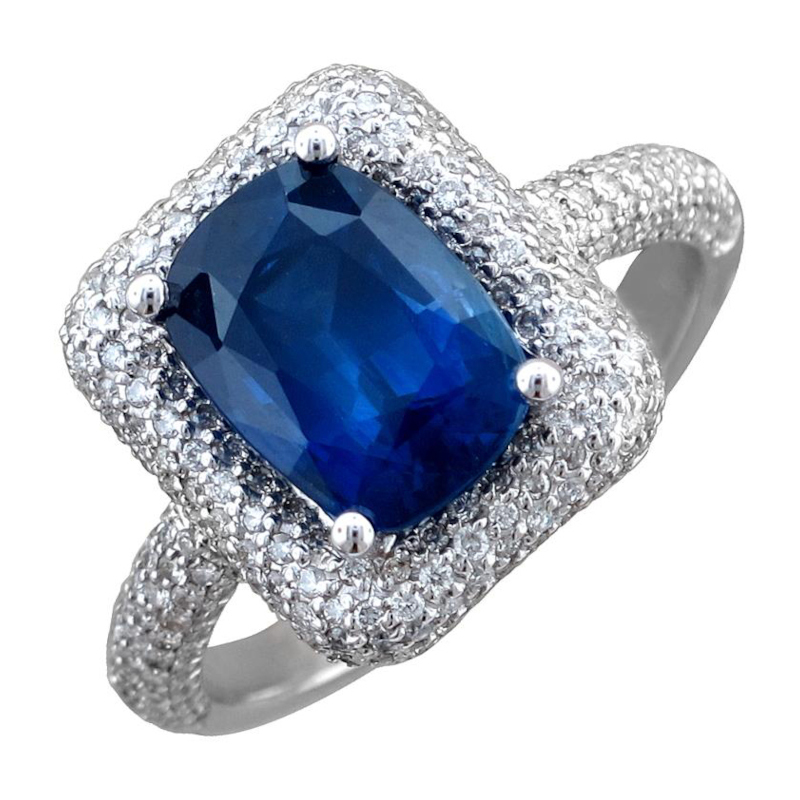 Кольцо из белого золота 750 пробы с сапфиром и бриллиантами 01К674297-2
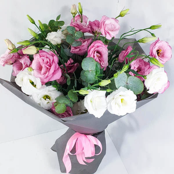 ДеЛюкс: эустома розовая - 20 шт., эустома белая - 21 шт., декоративная зелень, упаковка крафт, лента розовая.
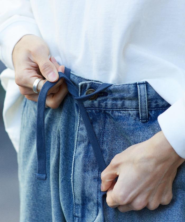 後口袋上有加工留下的名字印記,具有復古牛仔褲的外觀和觸感。
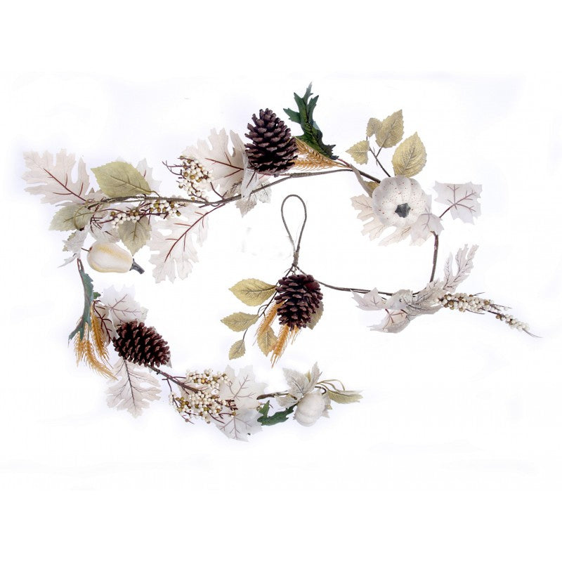 White Pumpkin & Pinecone Garland x 182cm long - White/Brown-Artificial plants/flowers
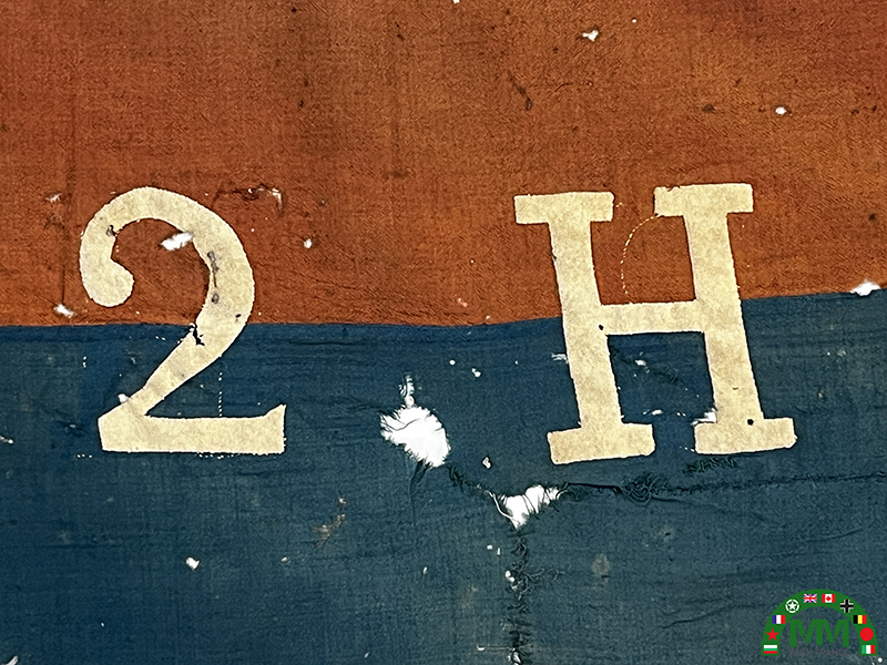 Analyse du tissu et de la fabrication ; le revers montre une absence totale de doublure, typique des fanions de service contrairement aux fanions d’apparat brodés. Des coutures simples, non décorées, avec fil clair sont cohérentes avec une fabrication régimentaire (ateliers internes). Des déchirures, usure naturelle par frottement d’un textile militaire ancien.Cela correspond parfaitement aux fanions utilisés par les officiers montés dans les années 1900–1940, notamment dans la cavalerie légère (dont les Hussards). Les couleurs observées bleu passé et brun rougeâtre, très parasitées par vieillissement et poussière sont exactement les teintes du 2e RH. Cette combinaison n’existe dans aucun autre régiment français. L’attribution au 2áµÂ‰ Régiment de Hussards est.confirmée à 100 %. Les lettres "H" et "2" montrent une usure identique à celle du tissu. Le marquage très simple avec une typographie "bâton" est typique de l'entre-deux-guerres

------------------------------------------------------------------------

- Work instruction:
Repeat the listing verbatim. Skip the pictures.

- Answer to this problem:
 Кольцо из белого золота 750 пробы с сапфиром и бриллиантами 01К674297-2
 ДеЛюкс: эустома розовая - 20 шт., эустома белая - 21 шт., декоративная зелень, упаковка крафт, лента розовая.
 後口袋上有加工留下的名字印記,具有復古牛仔褲的外觀和觸感。
 White Pumpkin & Pinecone Garland x 182cm long - White/Brown-Artificial plants/flowers
 Analyse du tissu et de la fabrication ; le revers montre une absence totale de doublure, typique des fanions de service contrairement aux fanions d’apparat brodés. Des coutures simples, non décorées, avec fil clair sont cohérentes avec une fabrication régimentaire (ateliers internes). Des déchirures, usure naturelle par frottement d’un textile militaire ancien.Cela correspond parfaitement aux fanions utilisés par les officiers montés dans les années 1900–1940, notamment dans la cavalerie légère (dont les Hussards). Les couleurs observées bleu passé et brun rougeâtre, très parasitées par vieillissement et poussière sont exactement les teintes du 2e RH. Cette combinaison n’existe dans aucun autre régiment français. L’attribution au 2áµÂ‰ Régiment de Hussards est.confirmée à 100 %. Les lettres "H" et "2" montrent une usure identique à celle du tissu. Le marquage très simple avec une typographie "bâton" est typique de l'entre-deux-guerres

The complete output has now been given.